--- Data provided ---

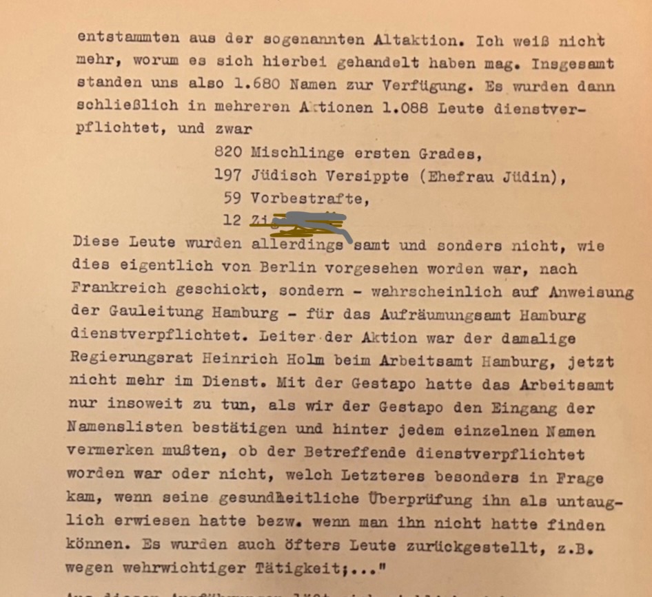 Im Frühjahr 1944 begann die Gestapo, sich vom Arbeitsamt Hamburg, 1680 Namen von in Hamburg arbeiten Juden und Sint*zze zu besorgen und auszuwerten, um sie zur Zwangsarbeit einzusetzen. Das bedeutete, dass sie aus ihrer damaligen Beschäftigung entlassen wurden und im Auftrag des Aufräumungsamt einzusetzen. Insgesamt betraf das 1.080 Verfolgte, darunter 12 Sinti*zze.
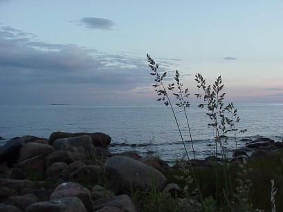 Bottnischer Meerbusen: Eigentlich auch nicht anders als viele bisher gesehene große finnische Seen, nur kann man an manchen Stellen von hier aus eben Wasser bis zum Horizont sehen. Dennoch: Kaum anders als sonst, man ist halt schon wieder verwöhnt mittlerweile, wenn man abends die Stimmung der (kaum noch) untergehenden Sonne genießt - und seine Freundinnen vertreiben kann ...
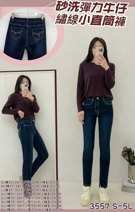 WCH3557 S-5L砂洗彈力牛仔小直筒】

---

What's needed is every line above, retyped exactly and free of pictures.

Reply to the exercise:
 Im Frühjahr 1944 begann die Gestapo, sich vom Arbeitsamt Hamburg, 1680 Namen von in Hamburg arbeiten Juden und Sint*zze zu besorgen und auszuwerten, um sie zur Zwangsarbeit einzusetzen. Das bedeutete, dass sie aus ihrer damaligen Beschäftigung entlassen wurden und im Auftrag des Aufräumungsamt einzusetzen. Insgesamt betraf das 1.080 Verfolgte, darunter 12 Sinti*zze.
 Bottnischer Meerbusen: Eigentlich auch nicht anders als viele bisher gesehene große finnische Seen, nur kann man an manchen Stellen von hier aus eben Wasser bis zum Horizont sehen. Dennoch: Kaum anders als sonst, man ist halt schon wieder verwöhnt mittlerweile, wenn man abends die Stimmung der (kaum noch) untergehenden Sonne genießt - und seine Freundinnen vertreiben kann ...
 WCH3557 S-5L砂洗彈力牛仔小直筒】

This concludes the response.